• _Data extracts_
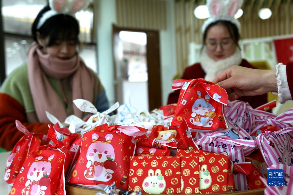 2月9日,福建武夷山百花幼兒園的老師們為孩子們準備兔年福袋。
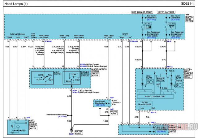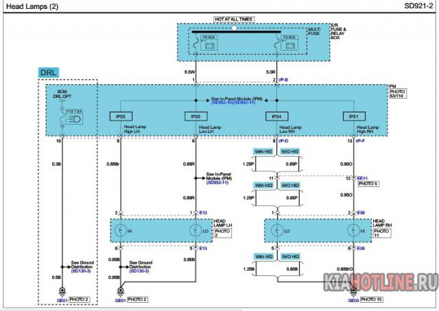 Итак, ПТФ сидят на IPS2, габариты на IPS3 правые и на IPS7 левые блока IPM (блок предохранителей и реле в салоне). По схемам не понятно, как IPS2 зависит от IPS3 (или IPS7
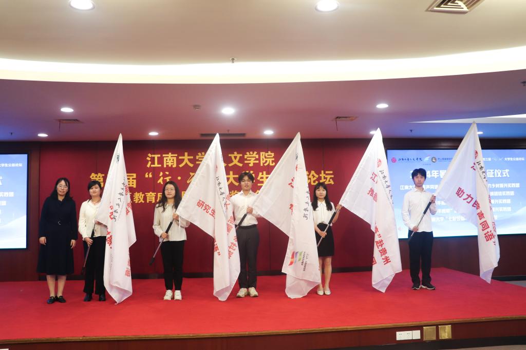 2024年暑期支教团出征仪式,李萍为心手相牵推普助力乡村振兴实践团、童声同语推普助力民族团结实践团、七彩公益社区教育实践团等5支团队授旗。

==

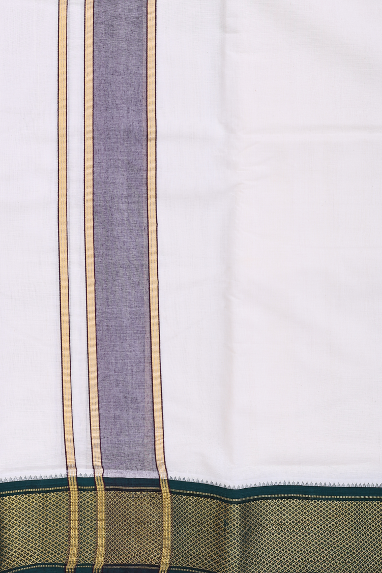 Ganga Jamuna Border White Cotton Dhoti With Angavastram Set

* * *

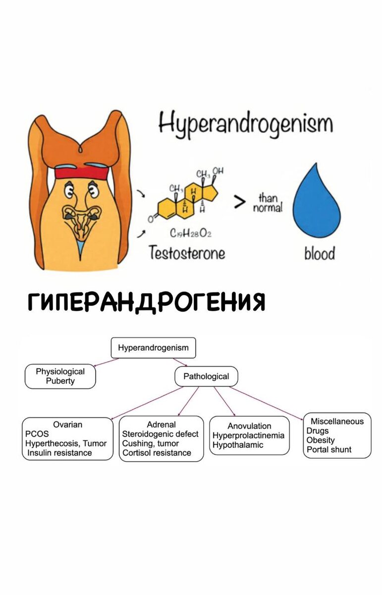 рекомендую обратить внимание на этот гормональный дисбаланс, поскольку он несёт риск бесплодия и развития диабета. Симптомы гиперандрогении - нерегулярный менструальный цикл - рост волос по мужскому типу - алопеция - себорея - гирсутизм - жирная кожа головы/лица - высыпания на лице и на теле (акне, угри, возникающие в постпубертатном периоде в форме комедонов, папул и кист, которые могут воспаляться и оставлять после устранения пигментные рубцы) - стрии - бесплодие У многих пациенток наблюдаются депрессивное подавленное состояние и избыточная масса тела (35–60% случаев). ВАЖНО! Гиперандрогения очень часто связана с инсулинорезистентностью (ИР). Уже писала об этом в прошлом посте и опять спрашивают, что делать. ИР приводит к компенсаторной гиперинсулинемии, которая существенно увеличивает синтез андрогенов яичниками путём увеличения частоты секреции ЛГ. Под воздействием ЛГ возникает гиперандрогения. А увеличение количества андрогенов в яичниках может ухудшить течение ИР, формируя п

• _Exercise aim_
What's needed is an exact copy of the records above from the line containing "2月9日,福建武夷山百花幼兒園的老師們為孩子們準備兔年福袋。" down to the line containing "2024年暑期支教团出征仪式", both included, without any pictures.

• _Exercise answer_
 2月9日,福建武夷山百花幼兒園的老師們為孩子們準備兔年福袋。
 Итак, ПТФ сидят на IPS2, габариты на IPS3 правые и на IPS7 левые блока IPM (блок предохранителей и реле в салоне). По схемам не понятно, как IPS2 зависит от IPS3 (или IPS7
 2024年暑期支教团出征仪式,李萍为心手相牵推普助力乡村振兴实践团、童声同语推普助力民族团结实践团、七彩公益社区教育实践团等5支团队授旗。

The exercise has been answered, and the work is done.